Reputation: 5029
I have deployed a linear regression model on Sagemaker. Now I want to write a lambda function to make prediction on input data. Files are pulled from S3 first. Some preprocessing is done and the final input is a pandas
dataframe. According to boto3 sagemaker documentation, the payload can either be byte-like, or file. So I have tried to convert the dataframe to a byte array using code from this post
# Convert pandas dataframe to byte array
pred_np = pred_df.to_records(index=False)
pred_str = pred_np.tostring()
# Start sagemaker prediction
sm_runtime = aws_session.client('runtime.sagemaker')
response = sm_runtime.invoke_endpoint(
EndpointName=SAGEMAKER_ENDPOINT,
Body=pred_str,
ContentType='text/csv',
Accept='Accept')
I printed out pred_str
which does seem like a byte array to me.
However when I run it, I got the following Algorithm Error
caused by UnicodeDecodeError
:
Caused by: 'utf8' codec can't decode byte 0xed in position 9: invalid continuation byte
The traceback shows python 2.7 not sure why that is:
Traceback (most recent call last):
File "/opt/amazon/lib/python2.7/site-packages/ai_algorithms_sdk/serve.py", line 465, in invocations
data_iter = get_data_iterator(payload, **content_parameters)
File "/opt/amazon/lib/python2.7/site-packages/ai_algorithms_sdk/io/serve_helpers.py", line 99, in iterator_csv_dense_rank_2
payload = payload.decode("utf8")
File "/opt/amazon/python2.7/lib/python2.7/encodings/utf_8.py", line 16, in decode
return codecs.utf_8_decode(input, errors, True)
Is the default decoder utf_8
? What is the right decoder I should be using? Why is it complaining about position 9?
In addition, I also tried to save the dataframe to csv file and use that as payload
pred_df.to_csv('pred.csv', index=False)
with open('pred.csv', 'rb') as f:
payload = f.read()
response = sm_runtime.invoke_endpoint(
EndpointName=SAGEMAKER_ENDPOINT,
Body=payload,
ContentType='text/csv',
Accept='Accept')
However when I ran it I got the following error:
Customer Error: Unable to parse payload. Some rows may have more columns than others and/or non-numeric values may be present in the csv data.
And again, the traceback is calling python 2.7:
Traceback (most recent call last):
File "/opt/amazon/lib/python2.7/site-packages/ai_algorithms_sdk/serve.py", line 465, in invocations
data_iter = get_data_iterator(payload, **content_parameters)

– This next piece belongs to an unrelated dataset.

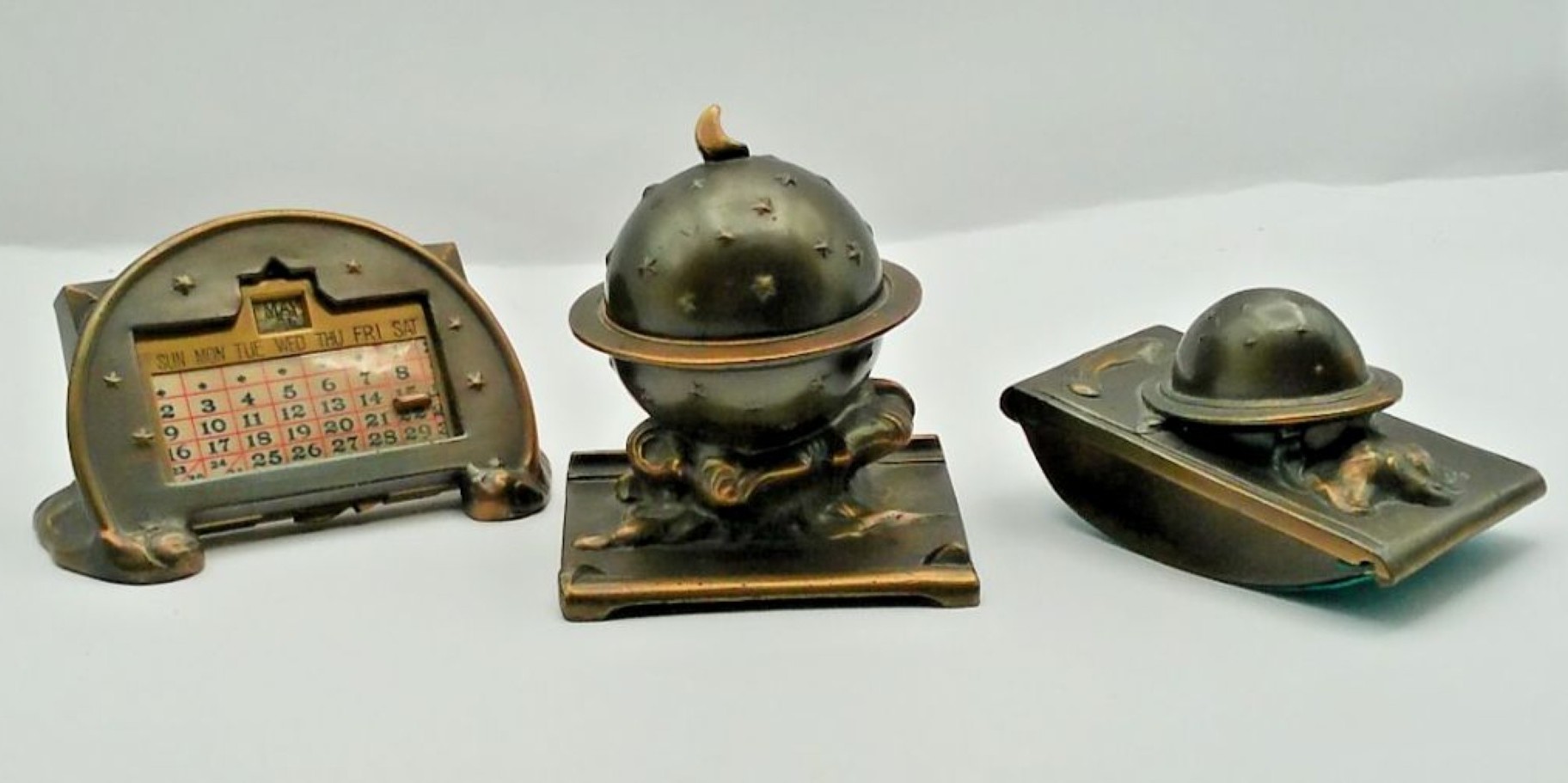 Because these were made of white metal (spelter) with a “bronze” or “antique” electroplated finish, they were high-style luxury items for the average American home, bringing the mysteries of the cosmos to the everyday writing desk.

File "/opt/amazon/lib/python2.7/site-packages/ai_algorithms_sdk/io/serve_helpers.py", line 123, in iterator_csv_dense_rank_2
It doesn't make sense at all because it is standard 6x78 dataframe. All rows have same number of columns. Plus none of the columns are non-numeric.
How to fix this sagemaker issue?
Upvotes: 0
Views: 1929
Reputation: 5029
I was finally able to make it work with the following code:
payload = io.StringIO()
pred_df.to_csv(payload, header=None, index=None)
sm_runtime = aws_session.client('runtime.sagemaker')
response = sm_runtime.invoke_endpoint(
EndpointName=SAGEMAKER_ENDPOINT,
Body=payload.getvalue(),
ContentType='text/csv',
Accept='Accept')
It is very import to call getvalue()
function for the payload while invoking the endpoint. Hope this helps
Upvotes: 4